#### MATERIAL FOR THIS EXERCISE ####
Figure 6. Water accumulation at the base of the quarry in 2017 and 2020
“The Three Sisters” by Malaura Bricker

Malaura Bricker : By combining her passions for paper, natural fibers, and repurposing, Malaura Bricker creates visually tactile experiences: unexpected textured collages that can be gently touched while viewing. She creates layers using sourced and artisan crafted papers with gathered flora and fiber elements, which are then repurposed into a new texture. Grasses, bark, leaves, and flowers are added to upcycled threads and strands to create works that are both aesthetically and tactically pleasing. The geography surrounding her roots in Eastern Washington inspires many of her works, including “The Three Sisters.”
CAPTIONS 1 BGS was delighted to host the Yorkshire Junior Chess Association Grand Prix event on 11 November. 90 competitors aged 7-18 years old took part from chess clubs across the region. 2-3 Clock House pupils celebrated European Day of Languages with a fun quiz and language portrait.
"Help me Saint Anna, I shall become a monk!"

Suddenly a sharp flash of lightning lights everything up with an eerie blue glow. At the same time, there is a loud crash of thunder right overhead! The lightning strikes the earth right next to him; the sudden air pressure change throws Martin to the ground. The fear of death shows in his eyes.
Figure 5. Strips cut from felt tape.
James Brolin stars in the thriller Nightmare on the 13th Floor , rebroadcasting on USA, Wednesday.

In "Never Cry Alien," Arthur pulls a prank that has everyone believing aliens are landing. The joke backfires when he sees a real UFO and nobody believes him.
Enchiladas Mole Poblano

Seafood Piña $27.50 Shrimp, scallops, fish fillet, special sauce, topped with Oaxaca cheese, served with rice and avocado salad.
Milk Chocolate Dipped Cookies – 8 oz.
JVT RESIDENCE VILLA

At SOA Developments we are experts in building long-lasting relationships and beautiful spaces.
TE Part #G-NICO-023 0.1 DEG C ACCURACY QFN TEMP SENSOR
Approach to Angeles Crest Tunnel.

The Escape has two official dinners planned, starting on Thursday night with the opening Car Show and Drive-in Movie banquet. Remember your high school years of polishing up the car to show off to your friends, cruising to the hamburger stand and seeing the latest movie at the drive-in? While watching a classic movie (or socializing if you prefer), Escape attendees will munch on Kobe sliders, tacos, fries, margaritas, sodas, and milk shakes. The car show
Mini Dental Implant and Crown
####
#### MATERIAL FOR THIS EXERCISE ####
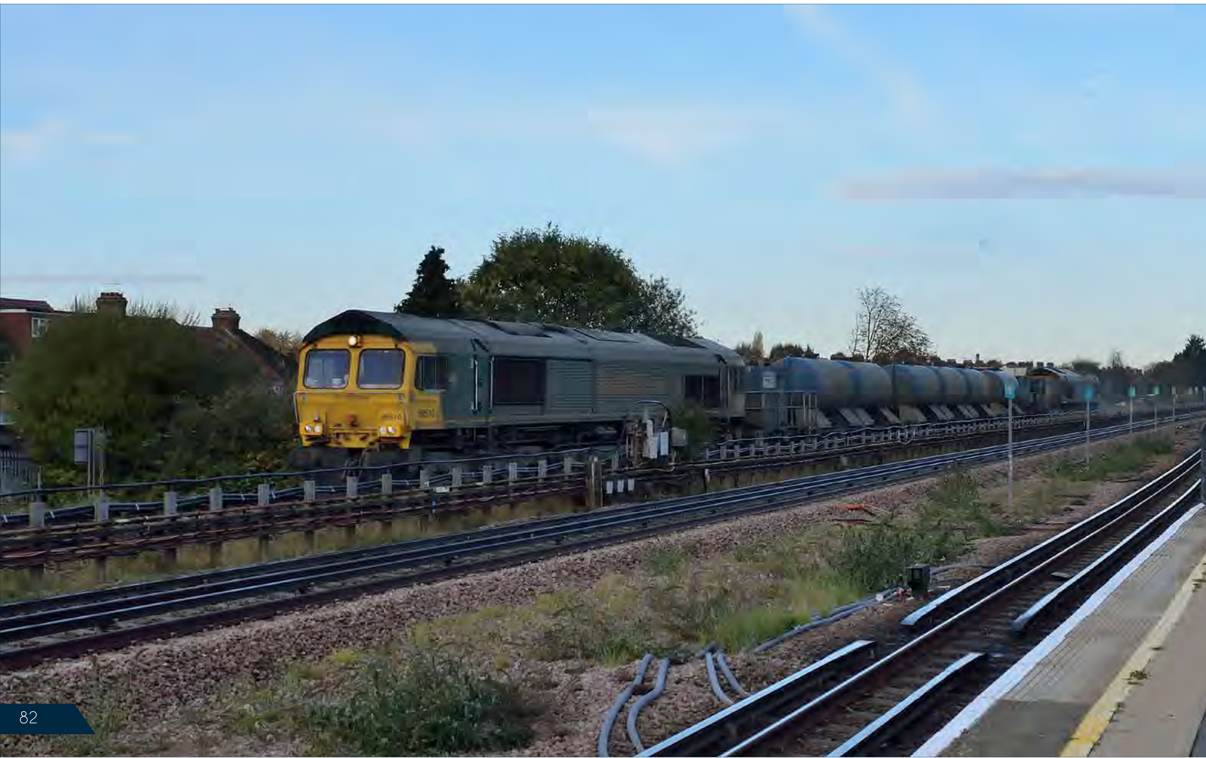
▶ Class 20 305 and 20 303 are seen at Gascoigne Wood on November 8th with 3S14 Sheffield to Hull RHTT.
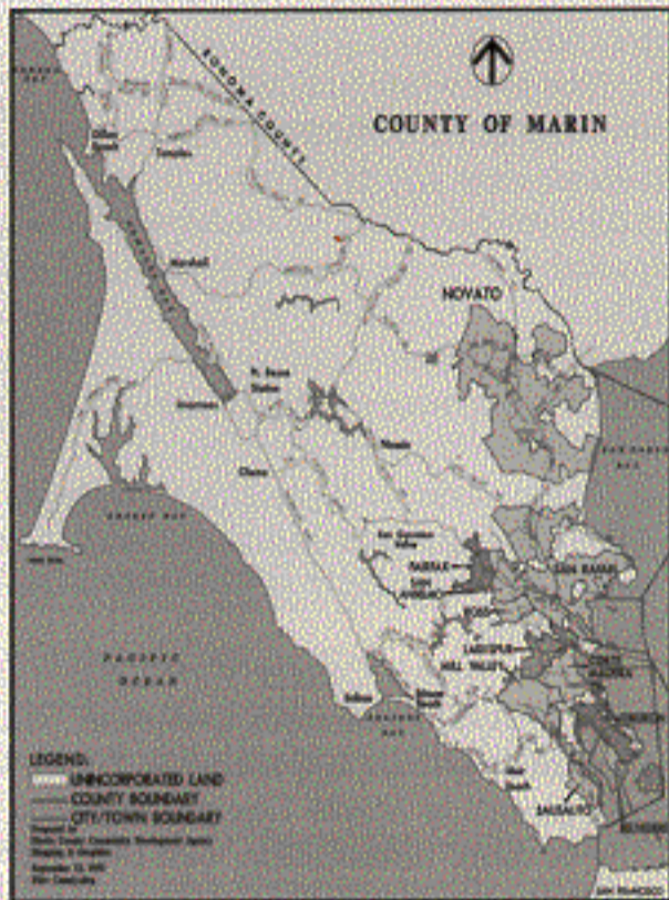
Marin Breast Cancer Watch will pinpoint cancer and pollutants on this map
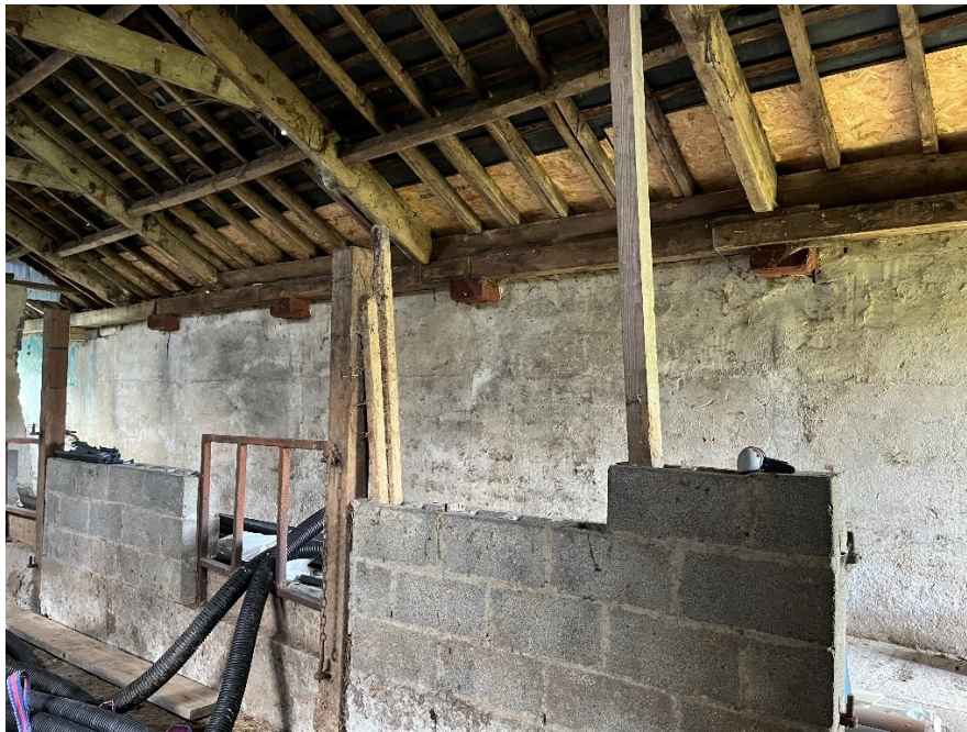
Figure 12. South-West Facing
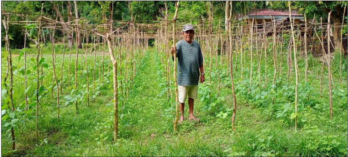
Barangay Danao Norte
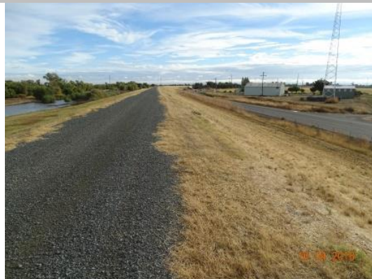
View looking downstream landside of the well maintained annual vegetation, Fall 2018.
####
Transcribe the records above from the line holding "CAPTIONS 1 BGS" down to the line holding "Mini Dental Implant and Crown", inclusive, without adding anything.

## WRITTEN ANSWER
CAPTIONS 1 BGS was delighted to host the Yorkshire Junior Chess Association Grand Prix event on 11 November. 90 competitors aged 7-18 years old took part from chess clubs across the region. 2-3 Clock House pupils celebrated European Day of Languages with a fun quiz and language portrait.
"Help me Saint Anna, I shall become a monk!"

Suddenly a sharp flash of lightning lights everything up with an eerie blue glow. At the same time, there is a loud crash of thunder right overhead! The lightning strikes the earth right next to him; the sudden air pressure change throws Martin to the ground. The fear of death shows in his eyes.
Figure 5. Strips cut from felt tape.
James Brolin stars in the thriller Nightmare on the 13th Floor , rebroadcasting on USA, Wednesday.

In "Never Cry Alien," Arthur pulls a prank that has everyone believing aliens are landing. The joke backfires when he sees a real UFO and nobody believes him.
Enchiladas Mole Poblano

Seafood Piña $27.50 Shrimp, scallops, fish fillet, special sauce, topped with Oaxaca cheese, served with rice and avocado salad.
Milk Chocolate Dipped Cookies – 8 oz.
JVT RESIDENCE VILLA

At SOA Developments we are experts in building long-lasting relationships and beautiful spaces.
TE Part #G-NICO-023 0.1 DEG C ACCURACY QFN TEMP SENSOR
Approach to Angeles Crest Tunnel.

The Escape has two official dinners planned, starting on Thursday night with the opening Car Show and Drive-in Movie banquet. Remember your high school years of polishing up the car to show off to your friends, cruising to the hamburger stand and seeing the latest movie at the drive-in? While watching a classic movie (or socializing if you prefer), Escape attendees will munch on Kobe sliders, tacos, fries, margaritas, sodas, and milk shakes. The car show
Mini Dental Implant and Crown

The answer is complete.